_Instructions to follow:_
Repeat the data in full and exactly. Leave the pictures out.

_Given data:_
"""

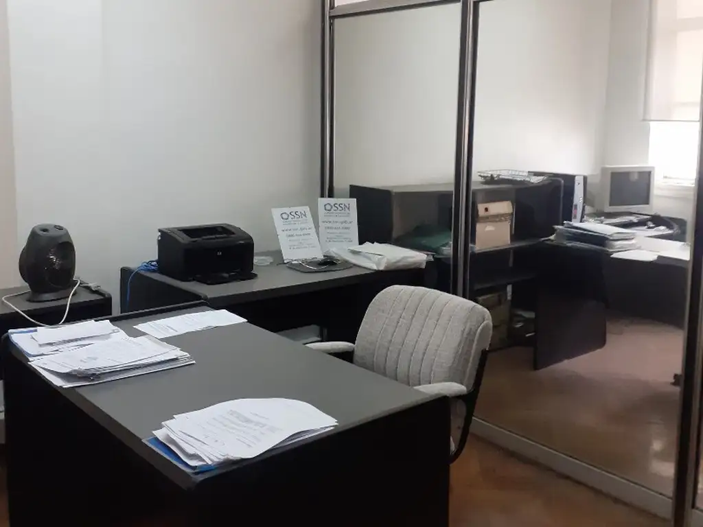 Está dividido en: recepción 4 oficinas, sala de reunión y pequeña cocina. Los 2 baños son propios.
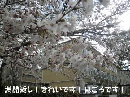 昨日の入学式を待っていたように,桜の花が開花しました。正門前の桜は,満開近しです。醍醐寺の桜には及びませんが,きれいです,見応えがあります。
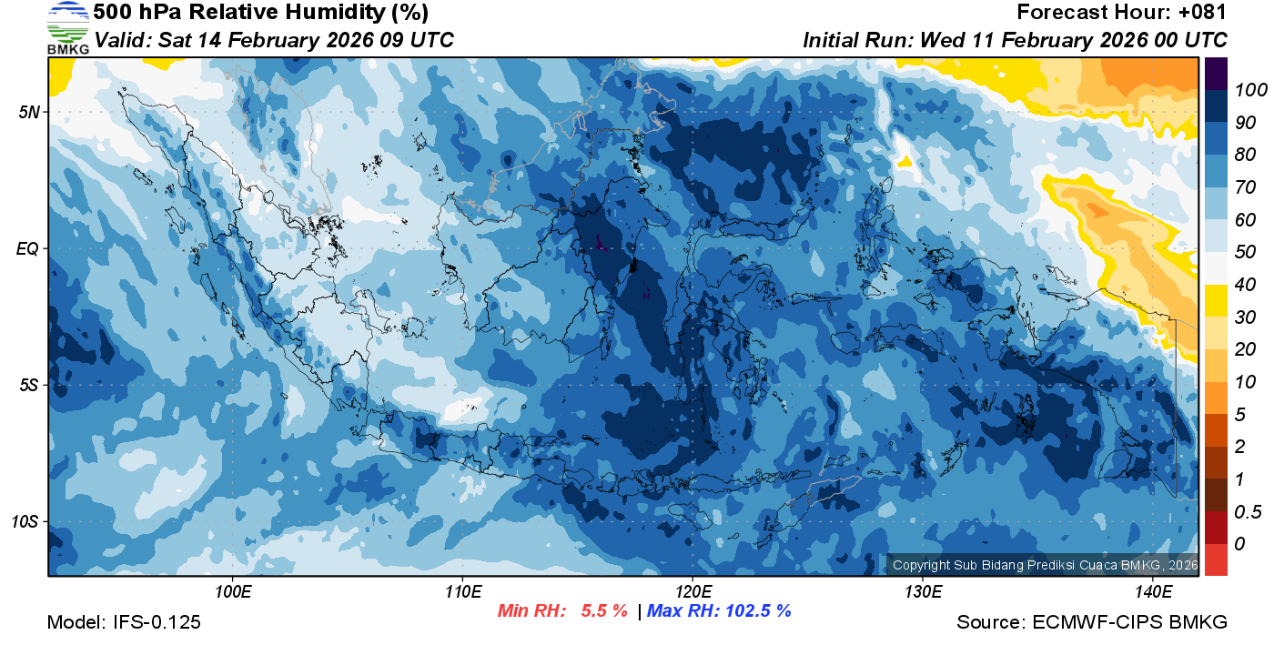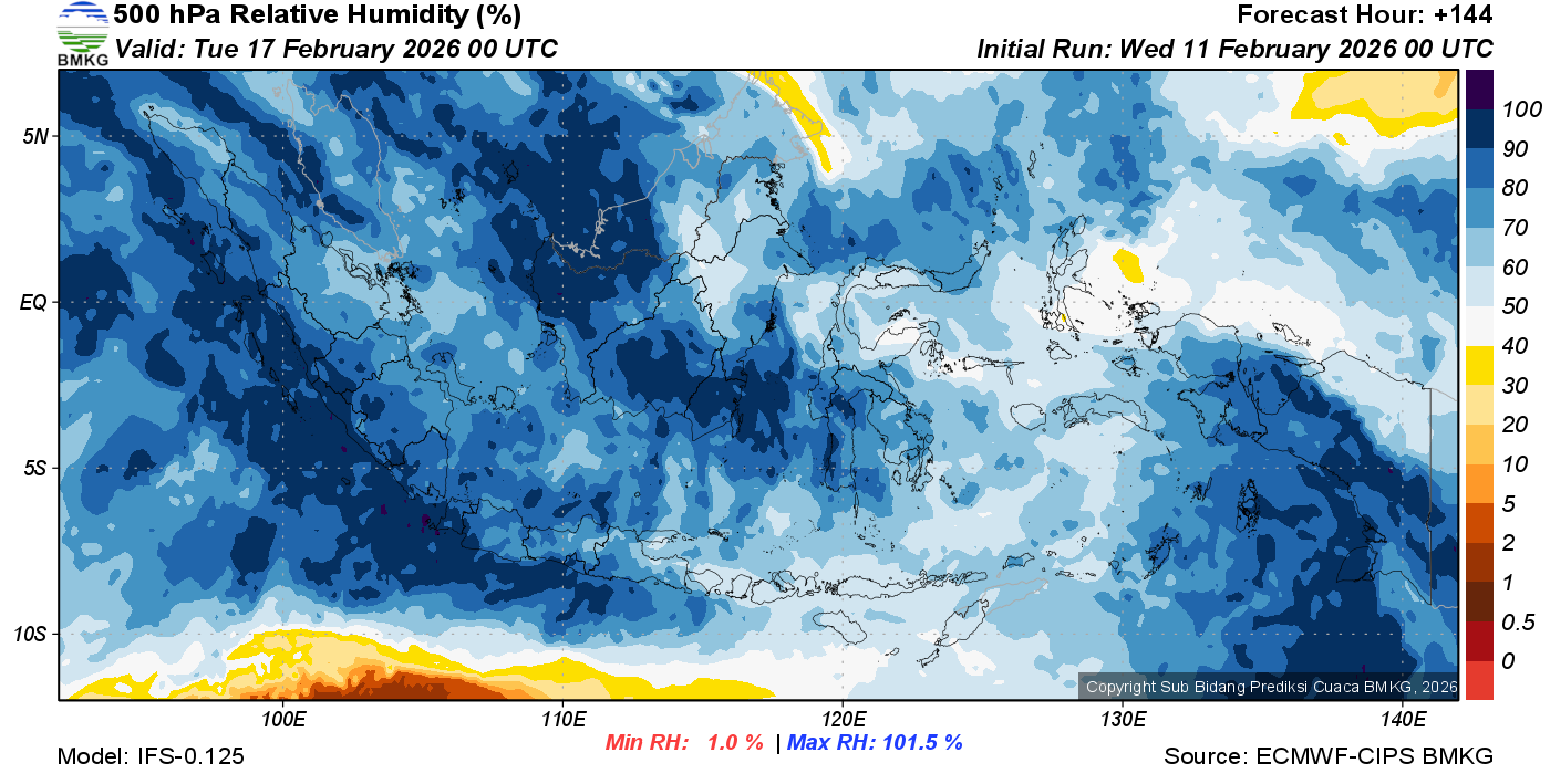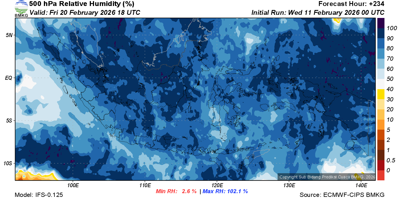 Prediksi Suhu Titik Embun 600 hPa NTT

"""

_Solved exercise:_
 Está dividido en: recepción 4 oficinas, sala de reunión y pequeña cocina. Los 2 baños son propios.
 昨日の入学式を待っていたように,桜の花が開花しました。正門前の桜は,満開近しです。醍醐寺の桜には及びませんが,きれいです,見応えがあります。
 Prediksi Suhu Titik Embun 600 hPa NTT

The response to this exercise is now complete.